:: The records ::
◆ ◆ ◆ ◆ ◆ ◆ ◆
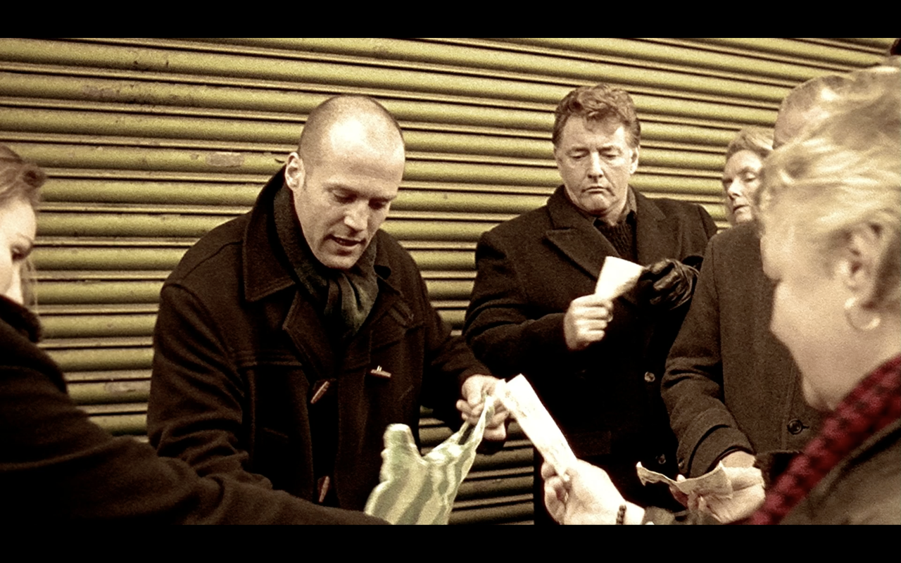 這兩個地方現在都已經被上鎖關閉,在影片高潮部分四人的公寓中,蓋里奇用巧妙的劇本構思把5波人馬全聚集在這裡,背景音樂是Gypsy Zorba,也是本片最火出圈的配樂。從一開始的音樂驟停,到沈默,再到一句“What fuck is going on”為導火線的槍戰爆發,一切水到渠成,蓋里奇老練的完全不像他的長片首作。他也是聰明的,《兩桿大煙槍》中從來都沒有類似香港警匪電影中事無巨細、大場面的槍戰戲,蓋里奇更習慣用這些戲為輔,重點表達槍戰或者重頭戲外的角色變化,從而營造出反高潮的體驗。大克里斯就是因為這場槍戰順利拿到了50萬英鎊和兩桿煙槍。也是在這個場景中爆出了蓋里奇式英倫金句,當艾迪問肥皂拿了什麼武器的時候,肥皂掏出了各式各樣的刀,並解釋說:“外行人才玩槍,內行人都玩刀”(Guns for show. Knives for a Pro.)
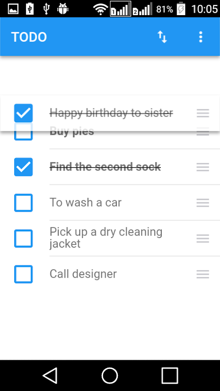 A simple list of tasks with manual sorting. Without advertising. No reference to date or time. No data storage in the cloud. Your task list on your device only. You can add or delete tasks, you can reorder tasks. Nothing more.
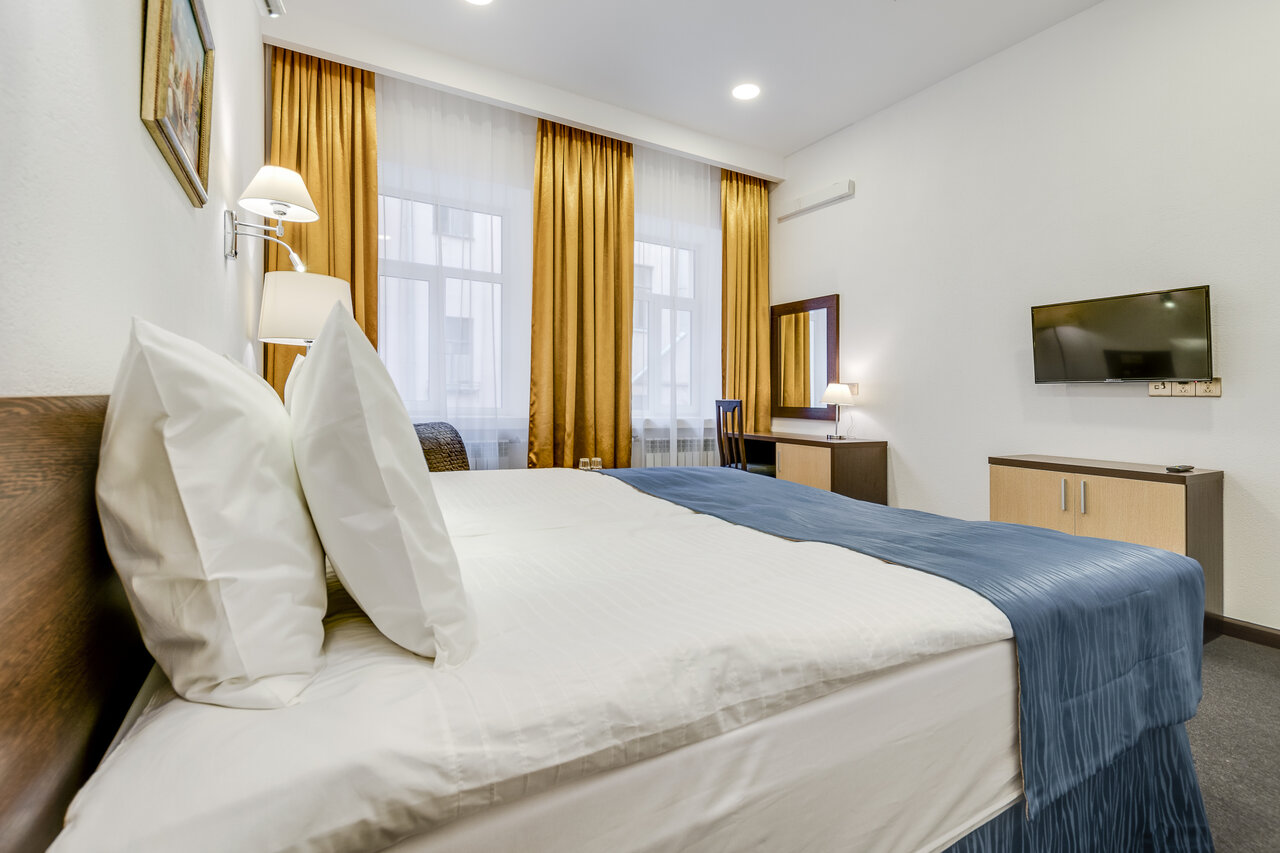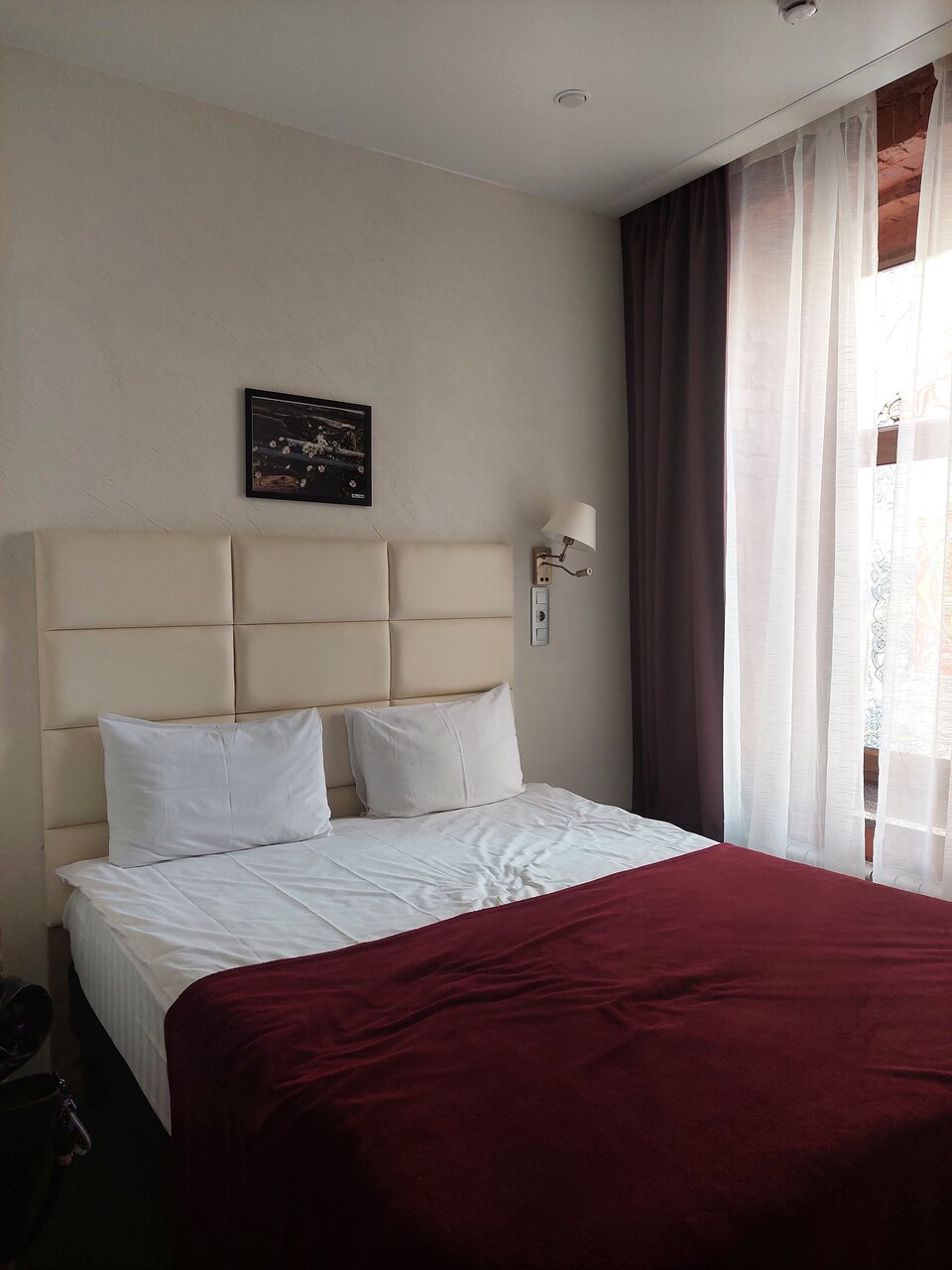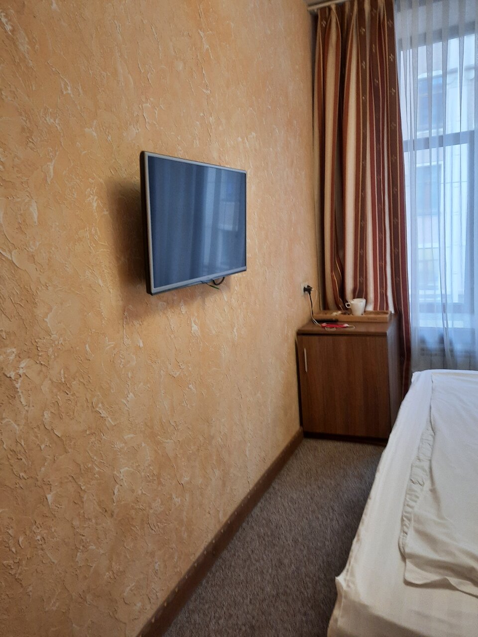 Отличная гостинца. Правда не сразу нашли, поскольку фасад здания на ремонте. Номер за 2300 р. превзошёл все ожидания. Постельное бельё и полотенца чистые. Кровать большая и очень удобная. Спать было комфортно. В номере был телевизор, шкаф для одежды, сейф, стол, стулья. Напор воды в душе был просто шикарен. Не хватало, конечно, одноразовых зубных щёток, но были с собой, поэтому этот недостаток не повлиял на мою оценку. Персонал вежлив. При бронировании номера, по телефону рассказали какие есть номера и соориентировали по ценам, при этом на вотсап прислали фотки номеров. За сутки до этого ночевали в п. Усть-Луге в гостинице за 4200 р., где номер был намного меньше, поэтому было с чем сравнить. Стоимость номеров, действительно, порадовала. Если буду в Питере обязательно остановлюсь в этой гостинице вновь. Спасибо за гостеприимство.
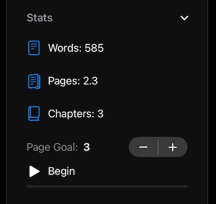In the stats panel you can see your overall progress, we use a simple 250 words per page calculation. Within here there is a little goal tool that you use to help you make regular progress on your next amazing story. Just select the page count you’re aiming for and hit begin.
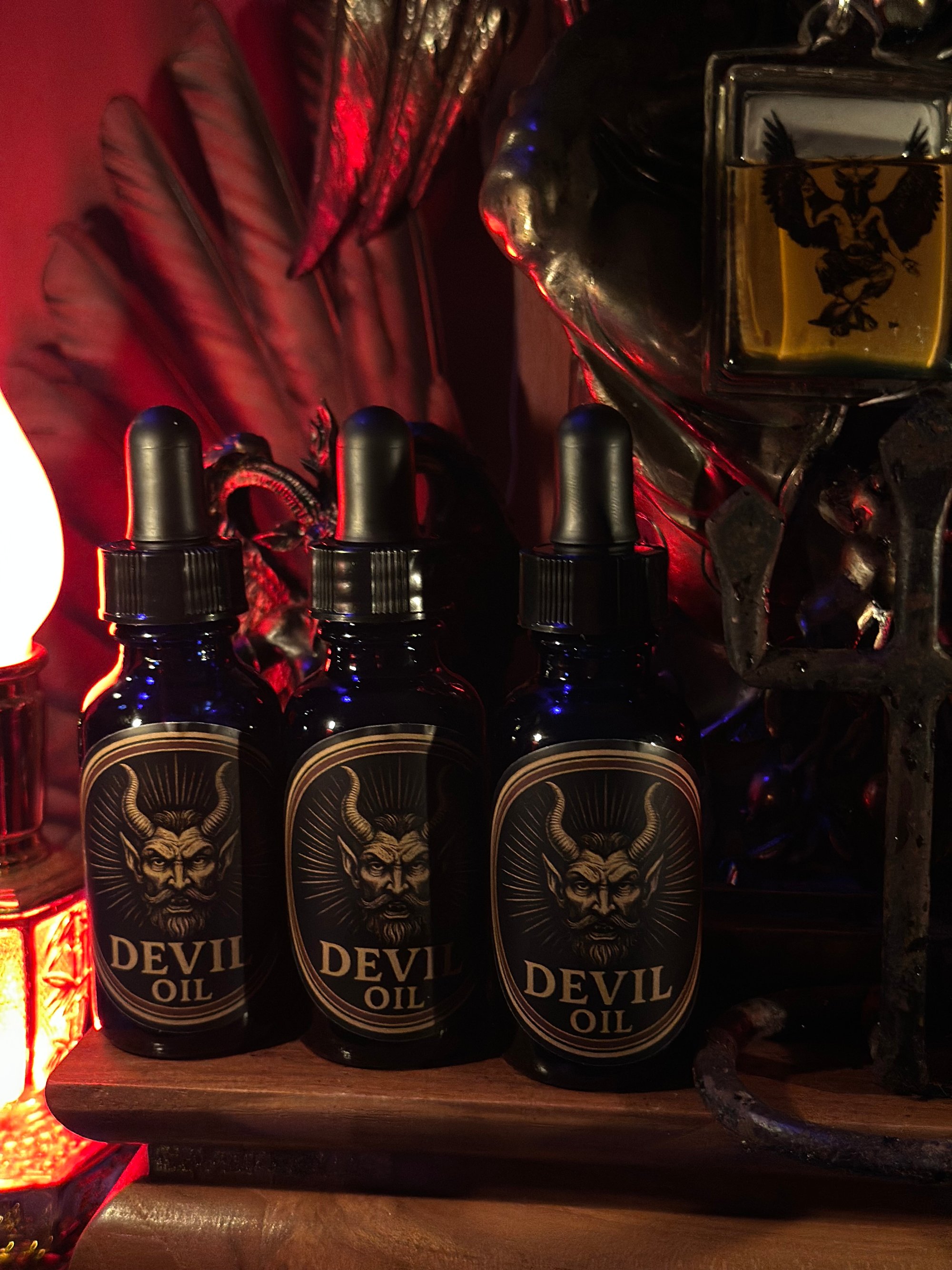 First crafted three years ago in the Den, this oil was born to bridge every mask of the Dark One — from the European Devil of witch-craft and command, to the Southern spirits of dominion, and the Dark Angel of Thailand whose flame crowns both temptation and transcendence.
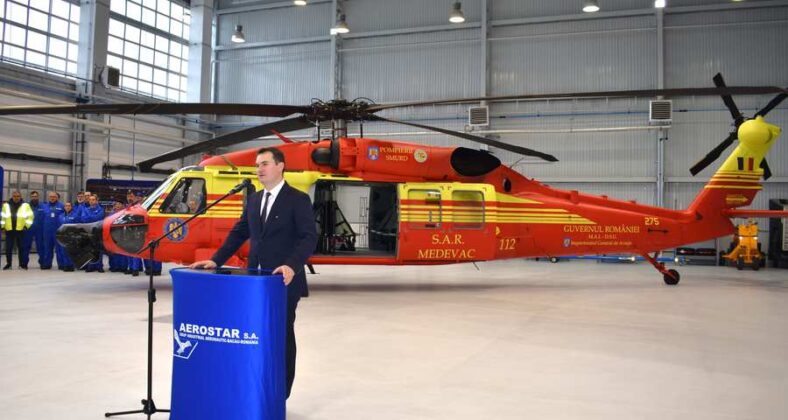 La compania Aerostar, din Bacău, a avut loc, joi, 18 ianuarie, ceremonia de inaugurare a primului Centrui Autorizat de Mentenanță (reparații și revizie – MRO) pentru elicoptere americane S-70 BLACK HAWK®, fabricate de compania Sikorsky (parte a grupului Lockheed Martin). Centrul de Mentenanță este autorizat atât de producătorul elicopterelor, cât și de Autoritatea Aeronautică Militară Națională.
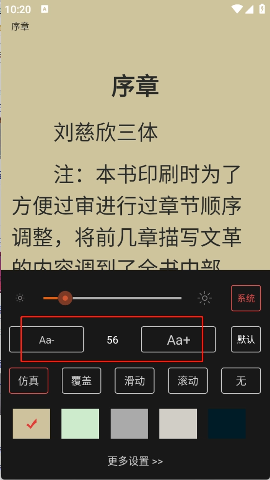 刘慈欣合集怎么调节字体大小
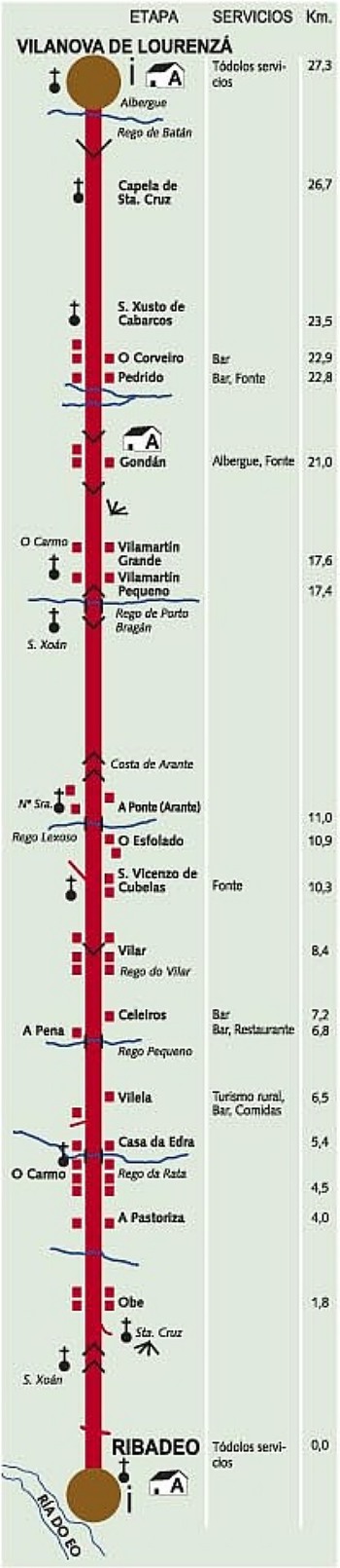 MAPA DESCRIPTIVO DE LA ETAPA 1.1 DEL CAMINO DEL NORTE DESDE RIBADEO - VILANOVA DE LOURENZÁ CON INFORMACIÓN DE LOS SERVICIOS Y PUNTOS DE INTERES POR KM
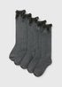 5 Pack Grey Bow Knee High Socks (Younger 6-Older 6.5)
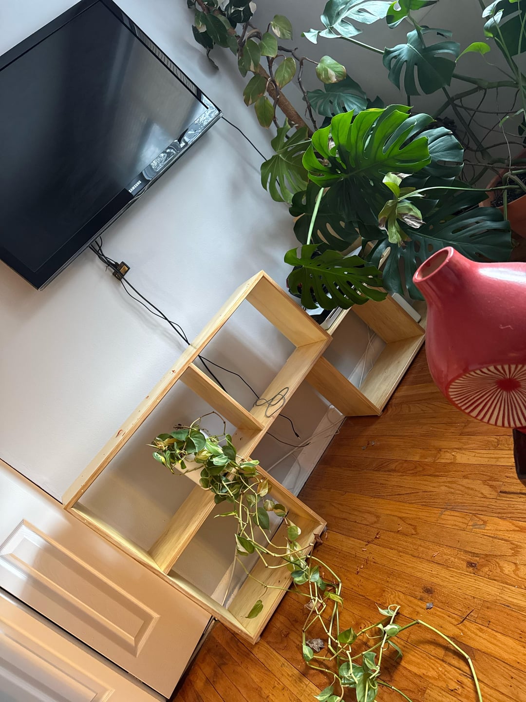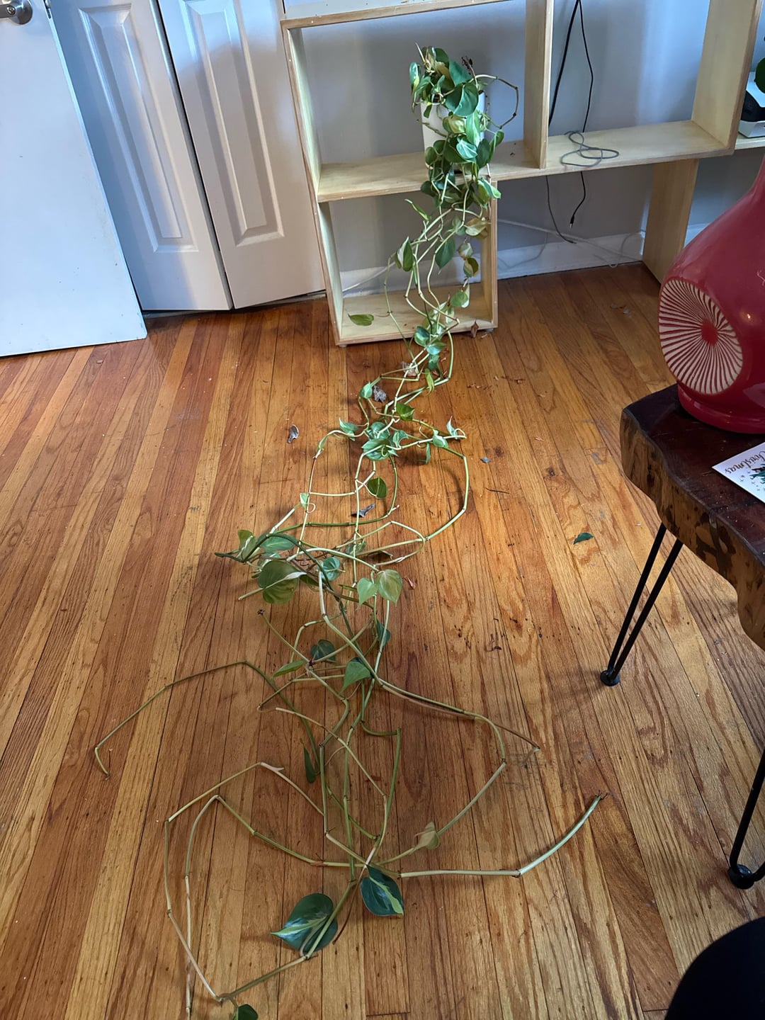 新しい本棚を手に入れたので、ブラジリアン ポトスをなんとか棚に並べたいと思っていますが、このクレイジーに長い蔓に苦労しています。後ろにどのようにカットする必要がありますか、それとも乱雑に/クレイジーに見えずにそれを収める方法はありますか?棚の周りに巻き付けようとしましたが、それはちょっと失敗です。アドバイスは大歓迎です!
◆ ◆ ◆ ◆ ◆ ◆ ◆
:: Action item ::
Drop every picture and repeat the rest of the entries exactly.

:: Answer to this exercise ::
 這兩個地方現在都已經被上鎖關閉,在影片高潮部分四人的公寓中,蓋里奇用巧妙的劇本構思把5波人馬全聚集在這裡,背景音樂是Gypsy Zorba,也是本片最火出圈的配樂。從一開始的音樂驟停,到沈默,再到一句“What fuck is going on”為導火線的槍戰爆發,一切水到渠成,蓋里奇老練的完全不像他的長片首作。他也是聰明的,《兩桿大煙槍》中從來都沒有類似香港警匪電影中事無巨細、大場面的槍戰戲,蓋里奇更習慣用這些戲為輔,重點表達槍戰或者重頭戲外的角色變化,從而營造出反高潮的體驗。大克里斯就是因為這場槍戰順利拿到了50萬英鎊和兩桿煙槍。也是在這個場景中爆出了蓋里奇式英倫金句,當艾迪問肥皂拿了什麼武器的時候,肥皂掏出了各式各樣的刀,並解釋說:“外行人才玩槍,內行人都玩刀”(Guns for show. Knives for a Pro.)
 A simple list of tasks with manual sorting. Without advertising. No reference to date or time. No data storage in the cloud. Your task list on your device only. You can add or delete tasks, you can reorder tasks. Nothing more.
 Отличная гостинца. Правда не сразу нашли, поскольку фасад здания на ремонте. Номер за 2300 р. превзошёл все ожидания. Постельное бельё и полотенца чистые. Кровать большая и очень удобная. Спать было комфортно. В номере был телевизор, шкаф для одежды, сейф, стол, стулья. Напор воды в душе был просто шикарен. Не хватало, конечно, одноразовых зубных щёток, но были с собой, поэтому этот недостаток не повлиял на мою оценку. Персонал вежлив. При бронировании номера, по телефону рассказали какие есть номера и соориентировали по ценам, при этом на вотсап прислали фотки номеров. За сутки до этого ночевали в п. Усть-Луге в гостинице за 4200 р., где номер был намного меньше, поэтому было с чем сравнить. Стоимость номеров, действительно, порадовала. Если буду в Питере обязательно остановлюсь в этой гостинице вновь. Спасибо за гостеприимство.
In the stats panel you can see your overall progress, we use a simple 250 words per page calculation. Within here there is a little goal tool that you use to help you make regular progress on your next amazing story. Just select the page count you’re aiming for and hit begin.
 First crafted three years ago in the Den, this oil was born to bridge every mask of the Dark One — from the European Devil of witch-craft and command, to the Southern spirits of dominion, and the Dark Angel of Thailand whose flame crowns both temptation and transcendence.
 La compania Aerostar, din Bacău, a avut loc, joi, 18 ianuarie, ceremonia de inaugurare a primului Centrui Autorizat de Mentenanță (reparații și revizie – MRO) pentru elicoptere americane S-70 BLACK HAWK®, fabricate de compania Sikorsky (parte a grupului Lockheed Martin). Centrul de Mentenanță este autorizat atât de producătorul elicopterelor, cât și de Autoritatea Aeronautică Militară Națională.
 刘慈欣合集怎么调节字体大小
 MAPA DESCRIPTIVO DE LA ETAPA 1.1 DEL CAMINO DEL NORTE DESDE RIBADEO - VILANOVA DE LOURENZÁ CON INFORMACIÓN DE LOS SERVICIOS Y PUNTOS DE INTERES POR KM
 5 Pack Grey Bow Knee High Socks (Younger 6-Older 6.5)
 新しい本棚を手に入れたので、ブラジリアン ポトスをなんとか棚に並べたいと思っていますが、このクレイジーに長い蔓に苦労しています。後ろにどのようにカットする必要がありますか、それとも乱雑に/クレイジーに見えずにそれを収める方法はありますか?棚の周りに巻き付けようとしましたが、それはちょっと失敗です。アドバイスは大歓迎です!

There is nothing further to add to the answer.